I’ve started thinking of this as innerstanding rather than just understanding. When you stand firmly in knowledge about your own inner world, that knowledge becomes a foundation, not a floor that keeps dropping out from under you.
You’re not learning so that you can optimize. You’re learning so that you can meet yourself with more compassion. So that when something feels hard or uncomfortable or scary, you can say: I know what’s happening here. My body is doing its job. I can trust this.
That shift, from self-surveillance to self-knowing, changes everything about how the information lands.
What Your Body Actually Needs
So if we’re not chasing each new system-specific protocol, what do we do?

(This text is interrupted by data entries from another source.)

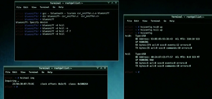 И хотя большинство хакерских способов взлома остаются дистанционными. Хотя Mr Robot, будучи социопатом, сумел засветиться и в роли настоящего агента, взламывающего, например, Bluetooth через утилиту btscanner и Bluesniff в комплекте. В некоторых сериях Эллиот, главный герой сериала, проникает в серверные, закидывает черви или вводит те самые инъекции Shell-Code.
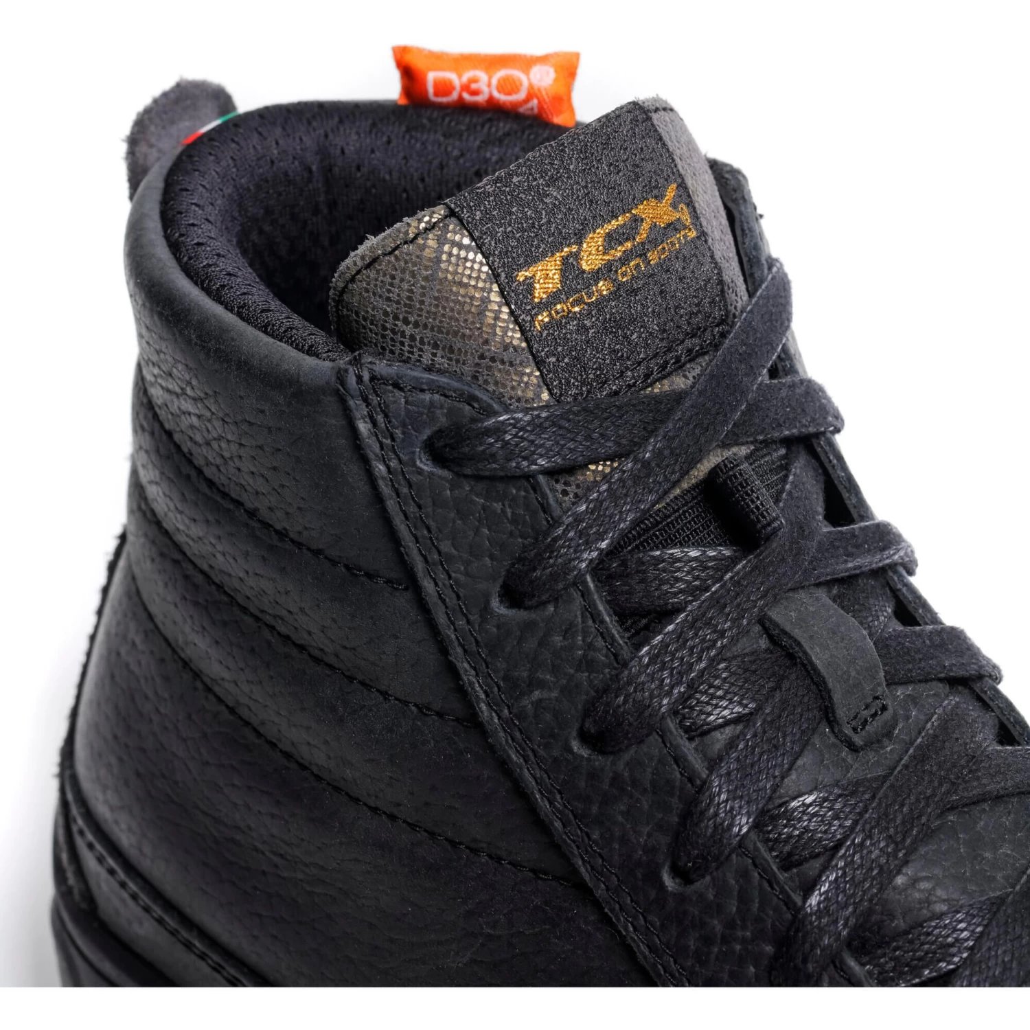 The Women’s Street 3 Waterproof motorcycle shoes are certified and waterproof, owing to the T-DRY waterproof membrane that makes them suitable for all conditions. With D30® inserts for reinforcement on the ankle and protection on the toe and heel, they are designed according to the Woman Fitting Concept, the special TCX protocol developed to combine a perfect fit for the female foot with maximum safety, protecting the foot’s sensitive areas. Protection is guaranteed by the special Zplate® insert in molded polymer, which combines transverse rigidity for maximum safety and longitudinal flexibility owing to its Z-shape. Zplate® allows the shoes to follow all the natural movements of the foot, both when riding and when walking, while simultaneously protecting it by ensuring the shoes are not crushed in case of impact. The upper features suede inserts, visible seams and lace-up fastening. The OrthoLite® insole boasts long-lasting and highly breathable cushioning, making these shoes exceptionally comfortable. The wear-resistant Groundtrax® sole is characterized by a tessellated tread that guarantees maximum grip, to ensure stability even in the wet.
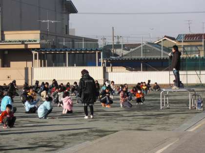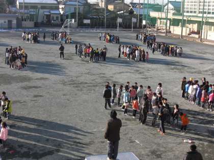 今日の向山タイムは体育朝礼です。1/27(水)に縦割り班で行われるなわとび大会にむけて、それぞれの班の場所の確認等を行いました。
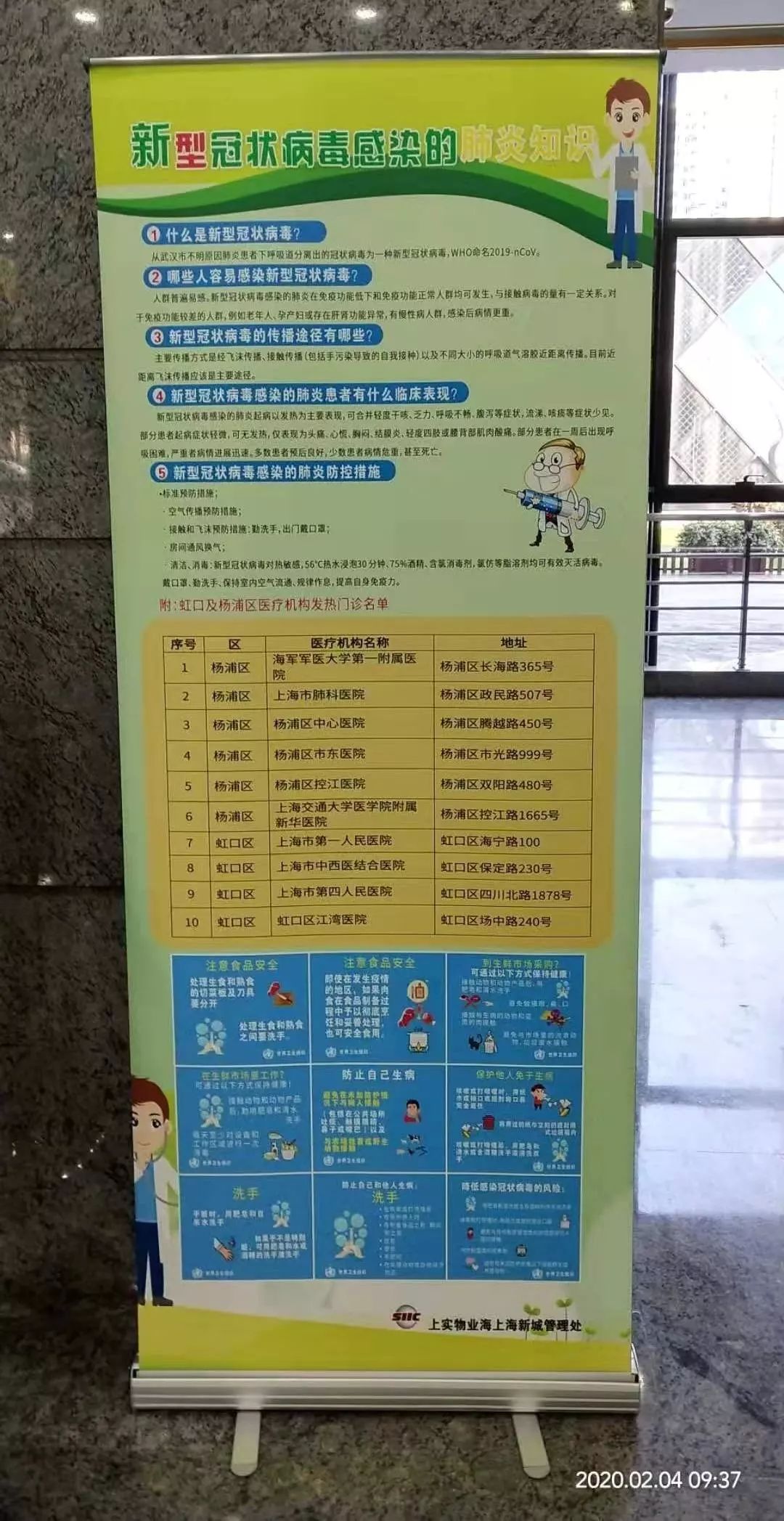 通过制作易拉宝、海报,以大堂电子屏、宣传栏的方式,进行宣传通告和疫情防控知识,通过循环播放疫情防控的相关内容,营造人人重视,人人防控的氛围。
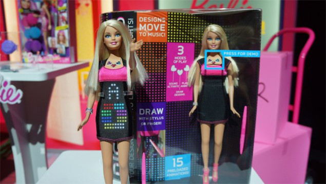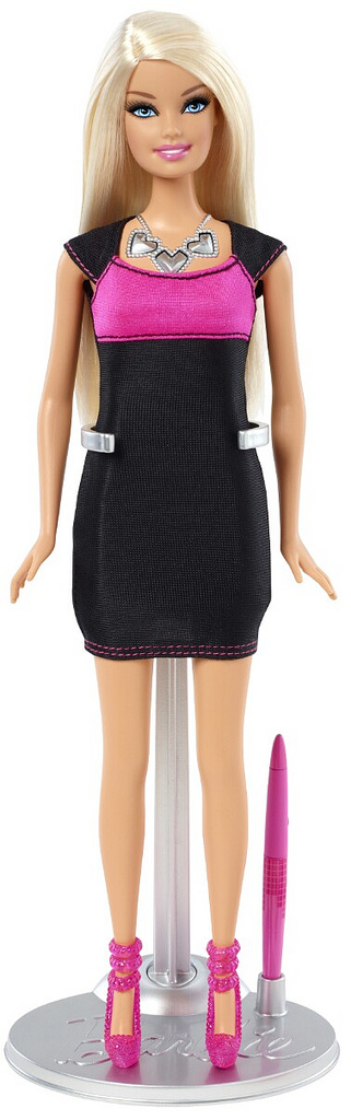 Barbie Digital Dress - именно так называется новая модель куклы Барби 2013 года. Главная отличительная особенность куклы в ее необычном платье. Дело в том, что используя последние LED технологии создатели платья сделали его визуально динамичным и реагирующим на звуки в комнате. У платья три режима, каждое из которых запускается путем нажатия на одно из сердечек на шее Барби. Первое это просто меняющиеся светящиеся картинки, второй режим позволит тебе рисовать на платье любой узор и он будет также ярко светится, а в третьем режиме платье реагирует на звуки в комнате и заупскает картинки в нужном темпе.

We come back to the basics:
- Whole food; the things mama nature grew for us, as close to their natural form as possible.
- Sufficient rest, because that is when the real magic happens.
- Sunlight on your skin.
- Clean air.
- Clean water.
- Good people around you. People who make you feel like yourself, maybe even better than yourself.
- Laughter, as often as possible.
- Movement that feels good in your body, not movement as punishment or performance.
And here’s the beautiful thing: every single thing on that list supports your hormones.
And your nervous system.
And your gut.
And your cardiovascular health.
And your fascia.
And your mood, your sleep, your skin, your eyes, your hair, your energy. etc.
Because you are one body, one ecosystem.
And when you tend to the whole of it, the whole of it responds.
An Invitation to Let Yourself Off the Hook
You don’t have to be doing five different things for five different systems. You’re doing one thing: living well in your one body.
You can learn about your hormones and your nervous system and all of it, if it calls to you.
But let that learning make you gentler with yourself, not more burdened.
Let it help you see that your symptoms are not evidence of failure. They are information.
Your body is not broken. It is responding. It is adapting. It is working for you, right now, in this very moment.
And your job, your only real job, is to create the conditions for it to thrive.
The rest? It already knows what to do.